GARY DARWELL                            )
                                    )
          Claimant-Petitioner       )
          Cross-Respondent          )
                                    )
     v.                             )   DATE ISSUED:   10/16/2001
                                    )
NEWPORT NEWS SHIPBUILDING           )
AND DRY DOCK COMPANY                )
                                    )
          Self-Insured              )
          Employer-Respondent       )
          Cross-Petitioner          )   DECISION and ORDER

     Appeals of the Decision and Order and Order Denying Motion for
     Reconsideration of Daniel A. Sarno, Jr., Administrative Law
     Judge, United States Department of Labor.

     Robert E. Walsh (Rutter, Walsh, Mills & Rutter, L.L.P.), Norfolk,
     Virginia, for claimant.

     Jonathan H. Walker (Mason, Cowardin & Mason), Newport News,
     Virginia, for self-insured employer.  

     Before: SMITH, DOLDER and McGRANERY, Administrative Appeals
     Judges.

     PER CURIAM:

     Claimant appeals, and employer cross-appeals, the Decision and Order
and Order Denying Motion for Reconsideration (1996-LHC-2434) of
Administrative Law Judge Daniel A. Sarno, Jr., rendered on a claim filed
pursuant to the provisions of the Longshore and Harbor Workers'
Compensation Act, as amended, 33 U.S.C. §901 et seq. (the Act). 
We must affirm the findings of fact and conclusions of law of the
administrative law judge which are rational, supported by substantial
evidence, and in accordance with law.  O'Keeffe v. Smith, Hinchman &
Grylls Associates, Inc., 380 U.S. 359 (1965); 33 U.S.C.
§921(b)(3).  
     Claimant, a security guard, alleged that he injured his back at work on February 21, 1996.  Claimant
was recalled to work on June 17, 1996, but did not return.  Emp. Ex. 13.  Claimant sought total disability
benefits from the date of his injury to December 15, 1998, and partial disability benefits from December 16,
1998, and continuing, based on his return to part-time work.  The administrative law judge found that claimant
established invocation of the Section 20(a), 33 U.S.C. §920(a), presumption that his injury is work-related, and that employer did not establish rebuttal.  The administrative law judge also found that claimant
established his prima facie case of total disability but that employer established the availability
of suitable alternate employment on April 29, 1997, by offering claimant a light duty position at its facility. 
The administrative law judge further found that claimant's work injury did not preclude him from working
full-time as of December 16, 1998.  Thus, the administrative law judge awarded claimant total disability
benefits from February 21, 1996, to April 29, 1997, but denied all other benefits sought.  The administrative
law judge denied summarily employer's motion for reconsideration.

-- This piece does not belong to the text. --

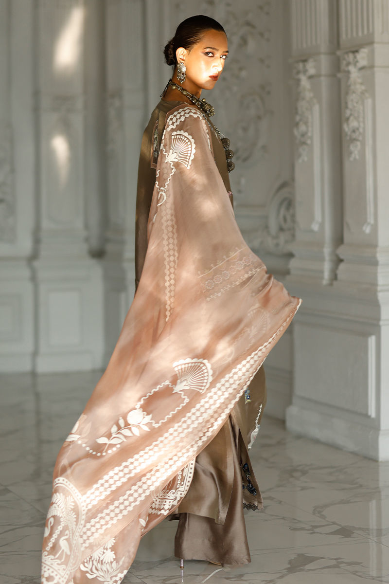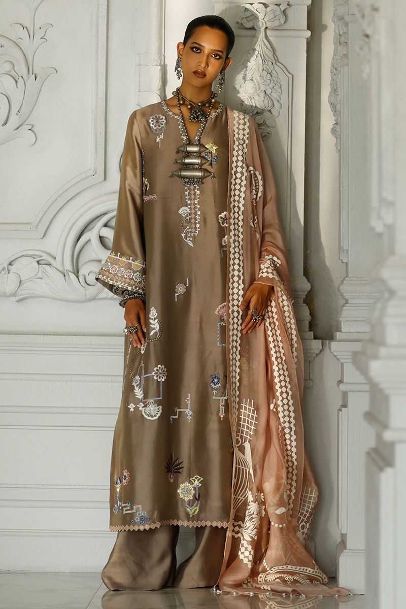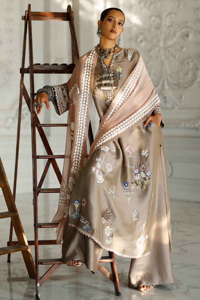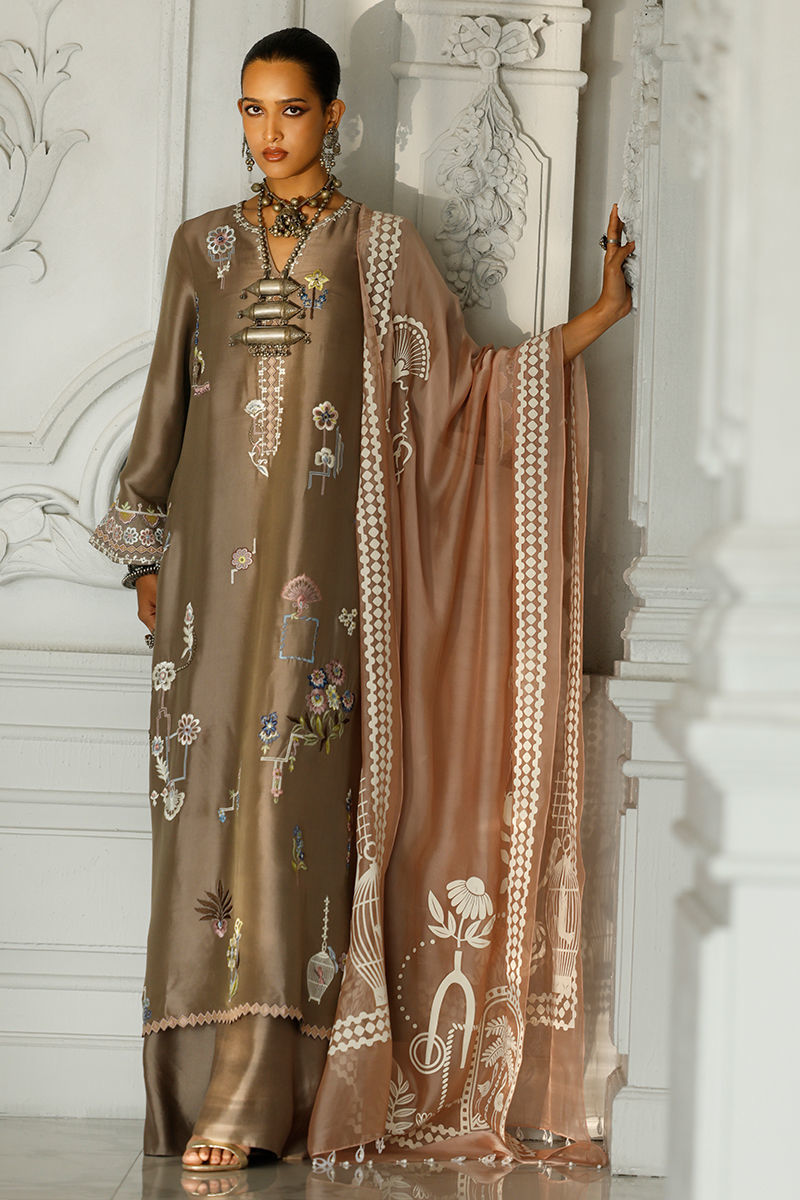 The caribou long shirt, crafted from butter silk, features refined appliqué work and intricate coloured resham embroidery across the front, back, and sleeves, finished with functional pockets. It is paired with pure cotton silk culottes for a fluid, elegant silhouette. The ensemble is completed with an adobe rose shisha organza dupatta, adorned with screen print and finished with handmade tassels, adding a graceful, artisanal touch.

     On appeal, claimant challenges the administrative law judge's denial
of partial disability benefits from December 16, 1998, and continuing. 
Employer appeals the administrative law judge's award of total disability
benefits from June 17, 1996, to April 29, 1997.  Claimant and employer
filed response briefs in support of their respective positions.  
     We first address employer's appeal of the administrative law judge's
award of total disability benefits from June 17, 1996, to April 29, 1997.[1]   Employer first contends that the administrative
law judge erred in finding that claimant established invocation of the
Section 20(a) presumption, and that it did not establish rebuttal.  Section
20(a) provides claimant with a presumption that the injury he sustained is causally related to his employment if
he establishes a prima facie case by showing that he suffered a harm and that a work accident occurred
which could have caused the harm.  See Universal Maritime Corp. v. Moore, 126 F.3d 256, 31 BRBS
119(CRT)(4th Cir. 1997).  Once claimant has invoked the presumption, the burden shifts to employer to rebut
it with substantial countervailing evidence. Id. 

     We affirm the administrative law judge's findings that claimant
established invocation and that employer did not establish rebuttal of the
Section 20(a) presumption as they are rational and supported by substantial
evidence.  On the date of the work injury, claimant was taken by ambulance
to the hospital where he was diagnosed with a contusion of his right
buttock and lower spine.  Thus, there is substantial evidence to establish
a harm.[2]   See generally Kooley v.
Marine Industries Northwest, 22 BRBS 142 (1989); Decision and Order at
11; Cl. Ex. 3; Emp. Ex. 6 at 2.  Additionally, employer's clinic notes reference
claimant's complaints of pain after falling at work.  These notes, which are corroborated by the opinions of Drs.
Stiles and Young relating claimant's back problems to the fall at work on February 21, 1996, constitute
substantial evidence that an accident occurred at work which could have caused the
harm.[3]  See Harrison v. Todd Pacific
Shipyards Corp., 21 BRBS 339 (1988); Decision and Order at 11; Cl. Exs.
5, 8b; Emp. Ex. 3 at 2.  Thus, the administrative law judge properly
invoked the Section 20(a) presumption.    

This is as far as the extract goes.